Adrian Aebischer works at the University of Berne and is on one of his frequent field trips to check on a particular bird he is studying. Today he is trying to find Linos, an Eagle owl.
Like many others, this nocturnal bird of prey can easily travel far from its place of birth. Indeed, Linos was born in Switzerland and has migrated to the French side of the border.For nearly 12 months, the owl has been followed. Last spring it was equipped with a miniature satellite tracking transmitter. The French company CLS operates the Argos system which can locate and collect data from any mobile carrying such a transmitter wherever it may be on the planet's surface.
"Linos is hiding in the bushes somewhere here, he's surely seen us already," whispers Aebischer as he scans the surroundings with a small hand-held antenna and receiver indicating in which direction is the owl. The strength of the beacon's signal gives an indication of the distance.
"The satellite positions, which have a precision of some 200 metres, are given to us via the Internet. When we see the changing position of the beacon we know a bird is alive. We often come to check the natural surroundings in which it is living."
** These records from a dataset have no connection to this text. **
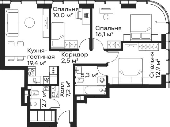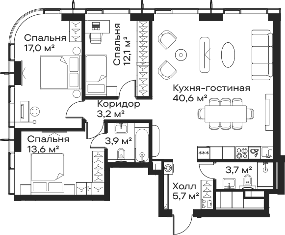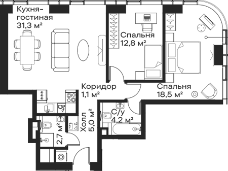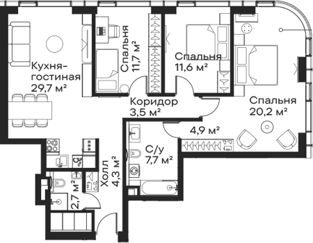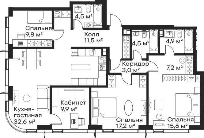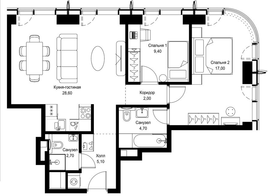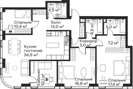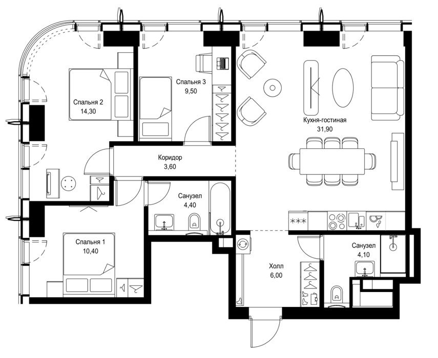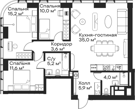 В комплексе предложено множество планировочных решений: в наличии квартиры, как классического типа, так и европланировки. Квартиры сдаются с подчистовой отделкой, высотой потолков 3 м и панорамным остеклением в пол.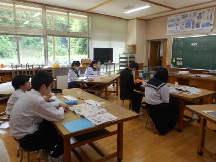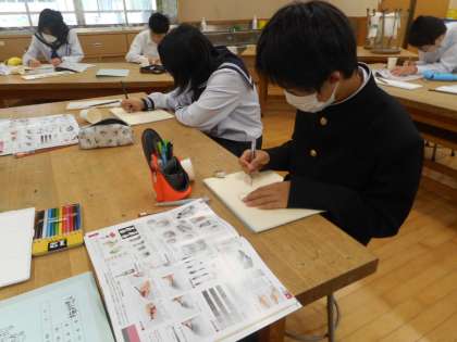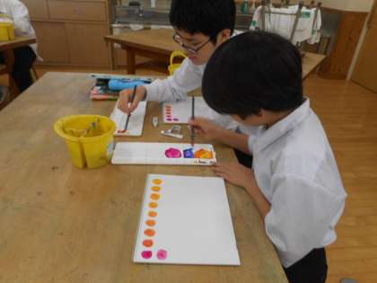 本日の学習課題は、「見る角度を変えて、形をとらえよう・混色してたくさんの色を作ろう」です。授業前半は、紙コップのスケッチです。時間制限の中で仕上げた作品をペアで良い点を話し合います。後半は、2色を混ぜ、色のグラデーションを作ります。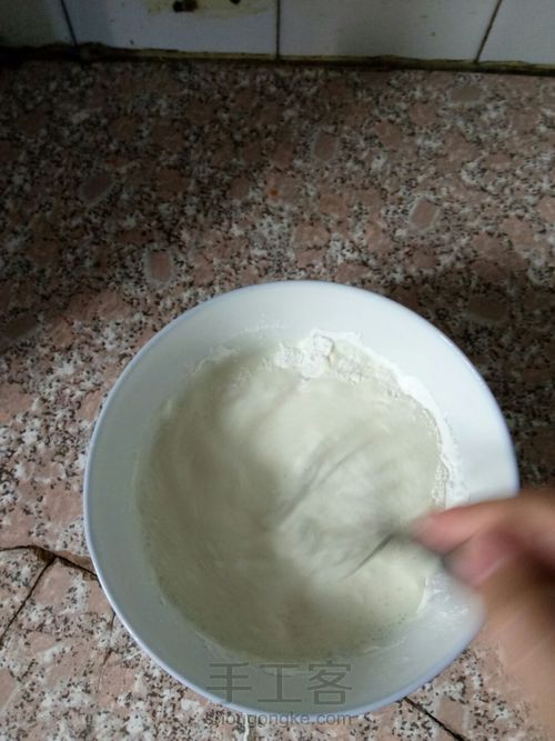 所以碗里还没有倒干净的粉就可以随着水一起倒进去了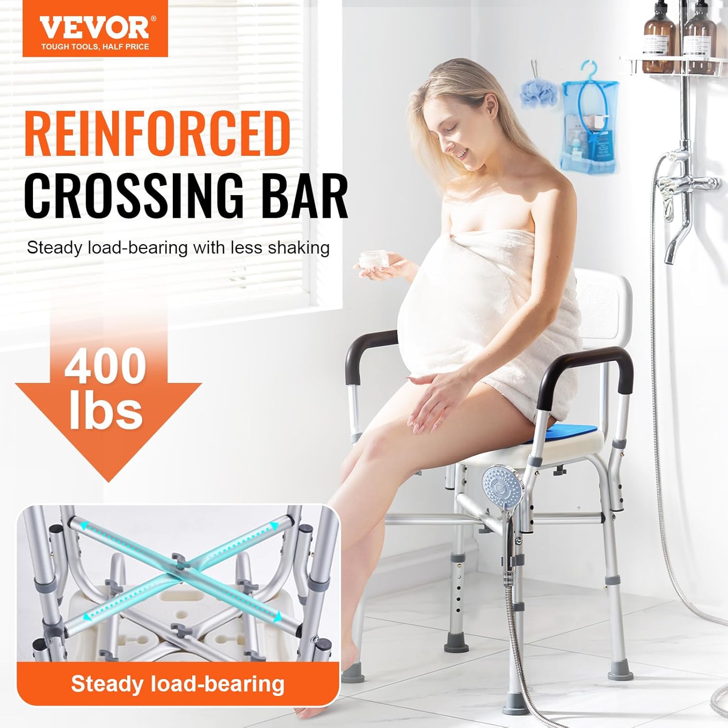 Shower Chair Seat, 400 lbs Capacity, Shower Stool with Crossing Bar, Padded Armrests and Back, Shower Chair for Inside Shower Bathtub, Adjustable Height Bench Bath Chair for Elderly Disabled
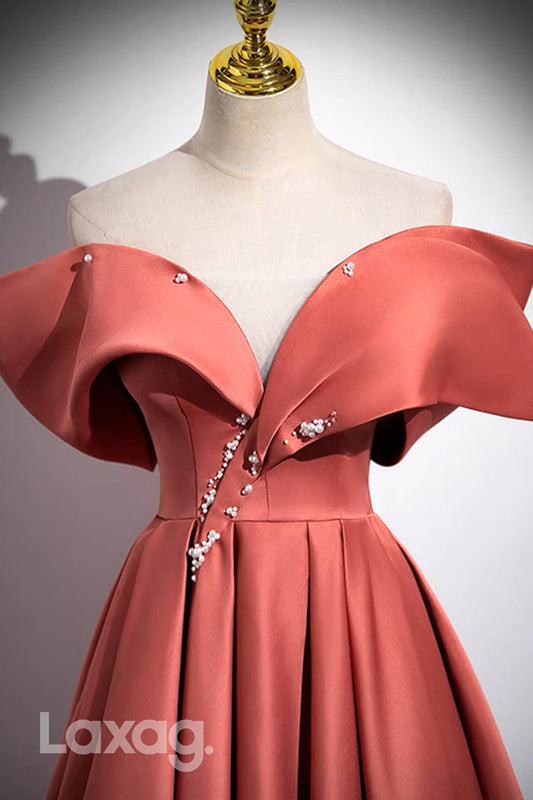 22413 - A-Line Off Shoulder Pearls Sleek Satin Party Prom Formal Evening Dress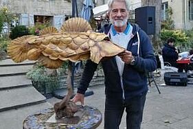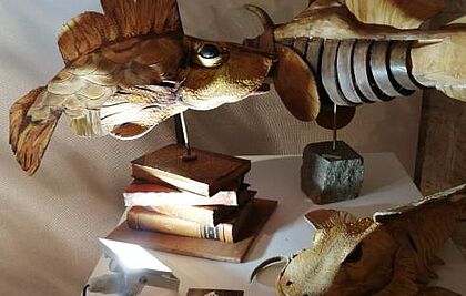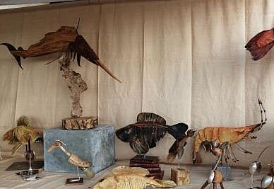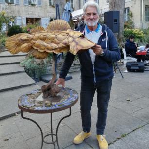 Sculpteur à partir de matières recyclées, bois, cuir, métal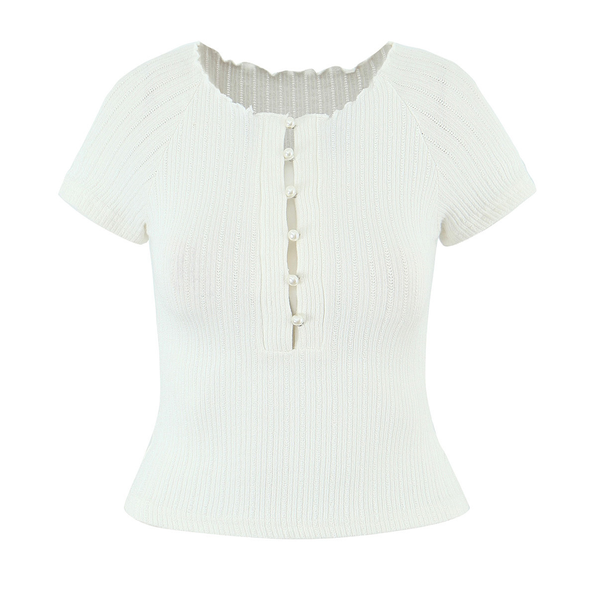 Nigikala Nigikala New Sweet Hottie Style Retro Pearl Henry Collared Shoulder Repair Small Shirt

But sometimes the plots on the computer screens do not move for several days. The ornithologists then get worried and a field excursion is necessary to discover what has happened.
The University of Berne has thus been able to gather statistics and evidence on a frequent cause of mortality of the Eagle owl: electrocution. Studies and liaison with the Swiss electricity companies has led to the isolation of a number of pylons in nesting areas and on migration routes.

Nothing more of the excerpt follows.